Creamy Roasted Red Pepper Soup

(from castro15’s recipe box)

Categories: Soup

Ingredients

  • Soup:
  • 2 tbsp salted butter
  • 2 tbsp olive oil
  • 3 garlic cloves, minced
  • 1 medium yellow onion, chopped
  • 2 tsp fresh oregano, minced, plus more for topping
  • 1 medium russet potato, peeled and chopped
  • 2 16-oz. jars roasted red peppers, drained and chopped
  • 2 tbsp tomato paste
  • 1 tsp kosher salt, plus more to taste
  • 1/2 tsp black pepper
  • 1/2 cup white wine
  • 4 cups vegetable broth
  • 1/2 cup heavy cream
  • Shredded Parmesan, for topping
  • Roll-Ups
  • 12 slices soft wheat sandwich bread
  • 12 slices American cheese
  • 3 to 4 tbsp salted butter

Directions

  1. For the soup: Heat the butter and olive oil in a Dutch oven over medium heat. Add the garlic, onion and oregano and cook, stirring, until the onion begins to soften, about 3 minutes. Add the potato and roasted red peppers and stir. Cook until the potato begins to soften, about 4 minutes. Stir in the tomato paste and let cook for a minute or two. Sprinkle in the salt and pepper and turn up the heat to medium high.

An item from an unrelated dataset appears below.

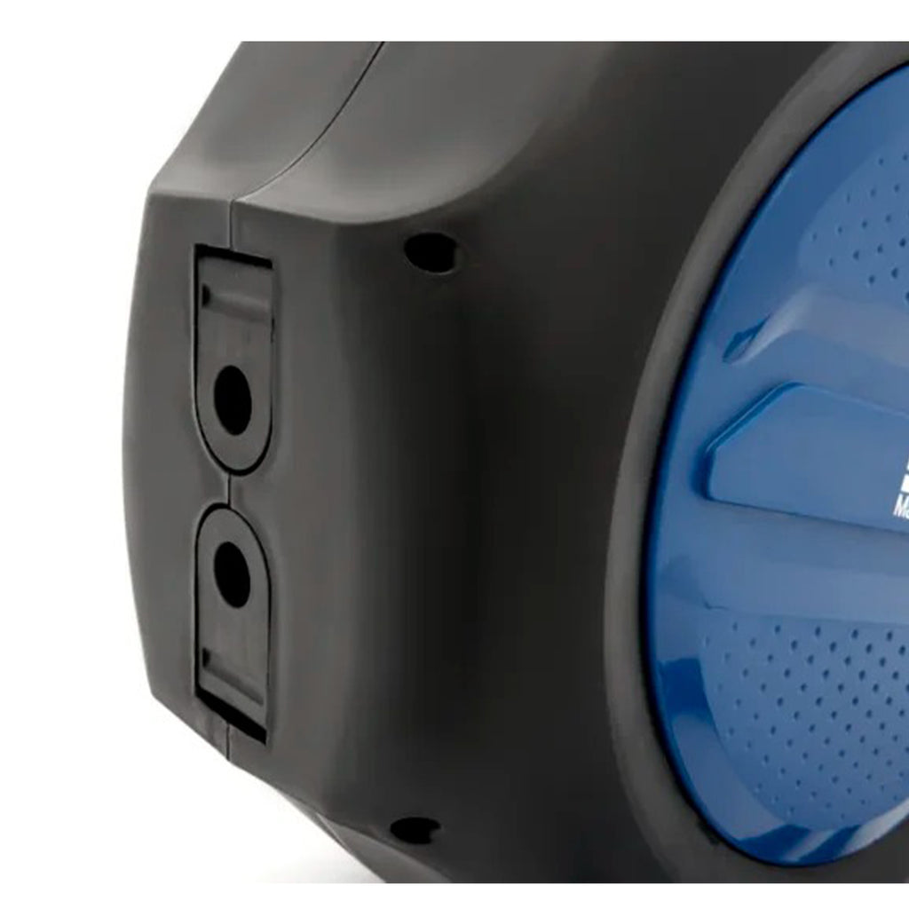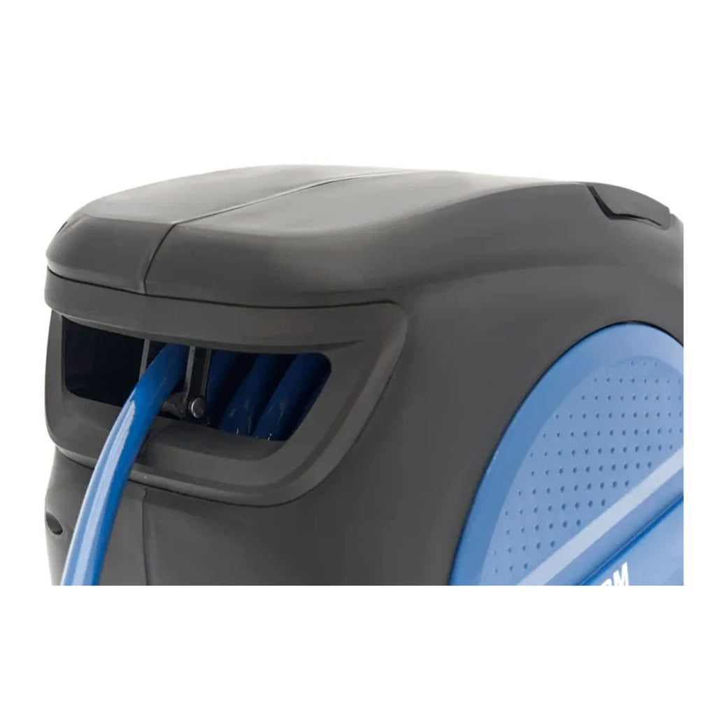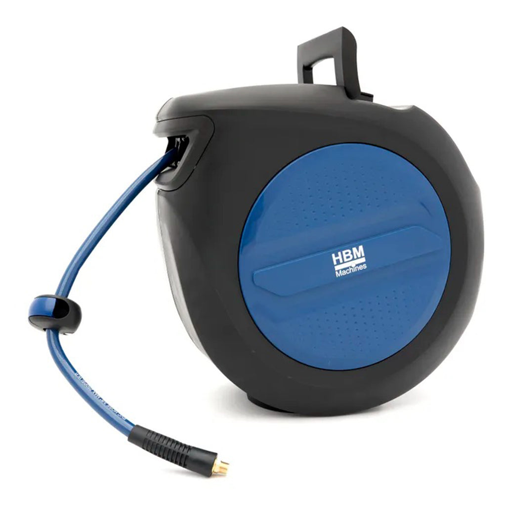 Тази макара с въздушен маркуч 9.5 х 14.5 мм 15 м HBM е оборудвана с въртяща се на 180 градуса монтажна скоба. Системата за автоматично заключване и прибиране улеснява работата с маркуча. Изработен е така, че да издържа на налягане до 16 бара. Вътрешният диаметър на маркуча е 9,5 мм, а външният - 14,5 мм. Дължината му е до 15 метра. Връзката на маркуча е 3/8“. Общите размери са 33 x 18 x 37,5 см, а теглото може да достигне до 4,8 кг.

  2. Add the wine and simmer until reduced, about 2 minutes. Add the vegetable broth. Bring to a gentle boil, then reduce the heat to medium low and simmer until the vegetables are very tender, 18 to 20 minutes. Puree with an immersion blender.

  3. Return the soup to a simmer and stir in the cream. Adjust the seasonings.

  4. For the roll-ups: Cut the crusts off the bread and use a rolling pin to flatten. Lay a slice of cheese on each slice of bread and tightly roll up.

  5. Melt 2 tbsp butter in a large skillet over medium-low heat. Add a few roll-ups seam-side down and cook, turning, until golden, about 5 minutes. Transfer to a plate and repeat with more butter and the remaining roll-ups. Top the soup with shredded Parmesan and oregano and serve with the roll-ups.